» RECORDED INFORMATION
________________________________________

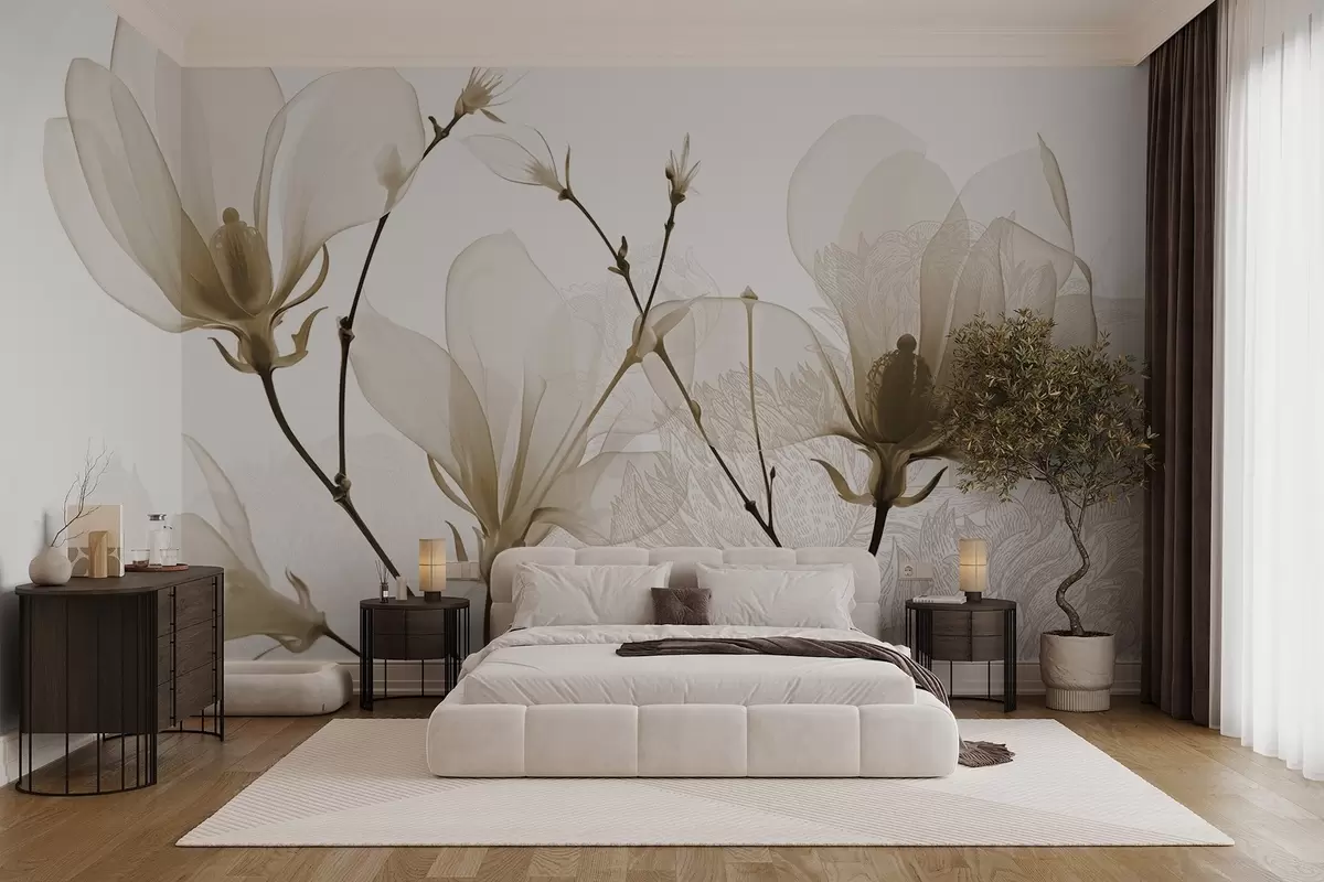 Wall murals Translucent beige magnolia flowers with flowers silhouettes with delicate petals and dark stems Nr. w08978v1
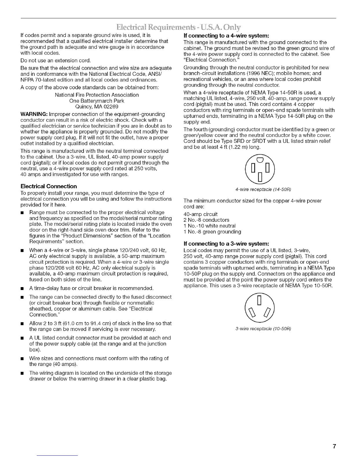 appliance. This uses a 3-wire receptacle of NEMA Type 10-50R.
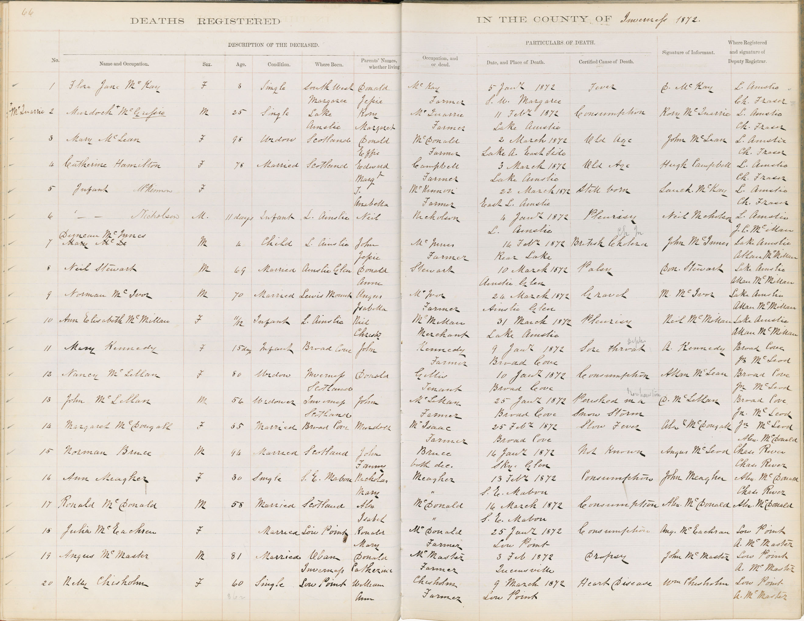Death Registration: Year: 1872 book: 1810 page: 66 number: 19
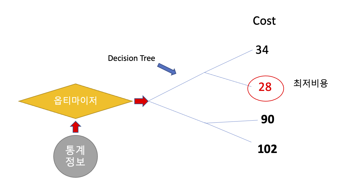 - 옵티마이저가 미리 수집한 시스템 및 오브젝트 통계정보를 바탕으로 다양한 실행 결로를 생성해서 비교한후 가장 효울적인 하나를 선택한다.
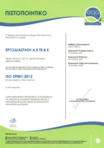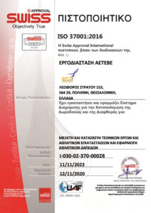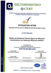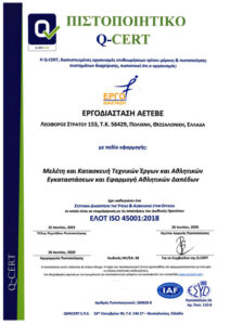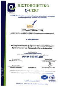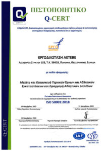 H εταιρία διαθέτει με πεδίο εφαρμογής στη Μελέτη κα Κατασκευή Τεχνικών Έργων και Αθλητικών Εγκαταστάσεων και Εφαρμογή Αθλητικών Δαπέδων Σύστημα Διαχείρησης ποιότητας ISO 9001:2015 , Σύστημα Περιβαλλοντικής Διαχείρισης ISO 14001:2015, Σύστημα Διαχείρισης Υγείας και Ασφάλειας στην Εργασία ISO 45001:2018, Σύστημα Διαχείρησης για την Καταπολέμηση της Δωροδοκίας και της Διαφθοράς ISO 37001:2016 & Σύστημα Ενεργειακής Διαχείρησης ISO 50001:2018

________________________________________

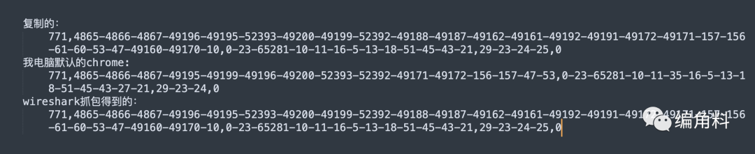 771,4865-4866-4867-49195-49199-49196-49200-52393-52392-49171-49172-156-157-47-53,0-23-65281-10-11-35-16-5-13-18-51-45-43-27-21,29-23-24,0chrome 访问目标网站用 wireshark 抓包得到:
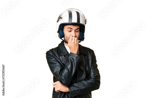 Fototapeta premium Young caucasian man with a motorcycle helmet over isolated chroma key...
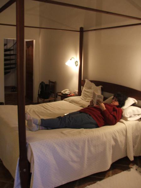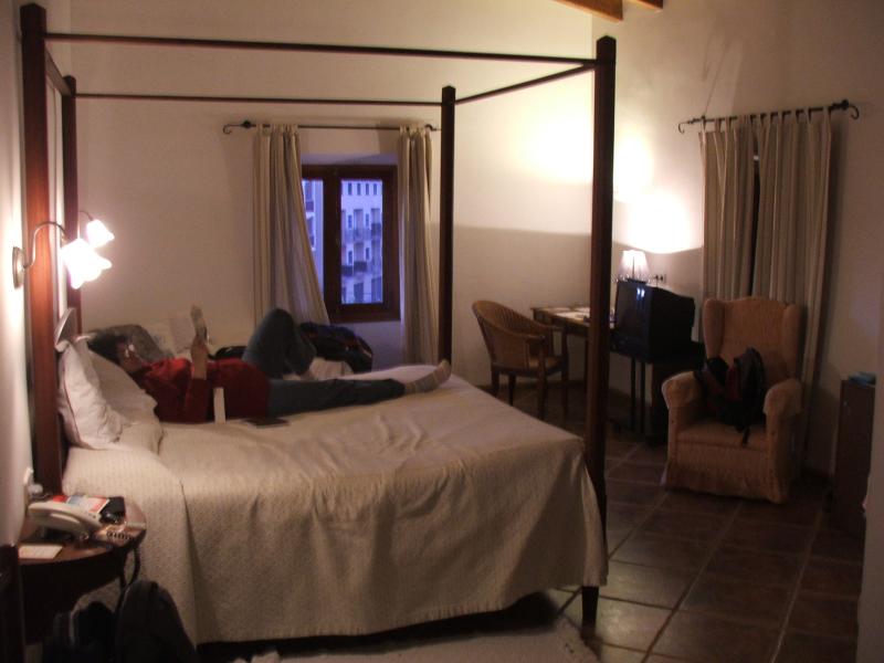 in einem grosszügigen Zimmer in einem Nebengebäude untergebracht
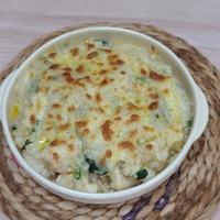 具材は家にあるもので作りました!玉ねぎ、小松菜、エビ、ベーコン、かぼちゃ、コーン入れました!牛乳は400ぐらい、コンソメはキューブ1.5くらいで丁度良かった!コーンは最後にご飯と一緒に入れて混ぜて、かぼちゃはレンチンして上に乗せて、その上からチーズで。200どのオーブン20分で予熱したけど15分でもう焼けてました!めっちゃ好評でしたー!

________________________________________

» ACTIVITY
Above are some records; quote exactly and only the lines that begin at the line containing "Death Registration: Year: 1872" and stop after the line containing "- 옵티마이저가 미리", leaving out the pictures.

» EXERCISE SOLUTION
Death Registration: Year: 1872 book: 1810 page: 66 number: 19
 - 옵티마이저가 미리 수집한 시스템 및 오브젝트 통계정보를 바탕으로 다양한 실행 결로를 생성해서 비교한후 가장 효울적인 하나를 선택한다.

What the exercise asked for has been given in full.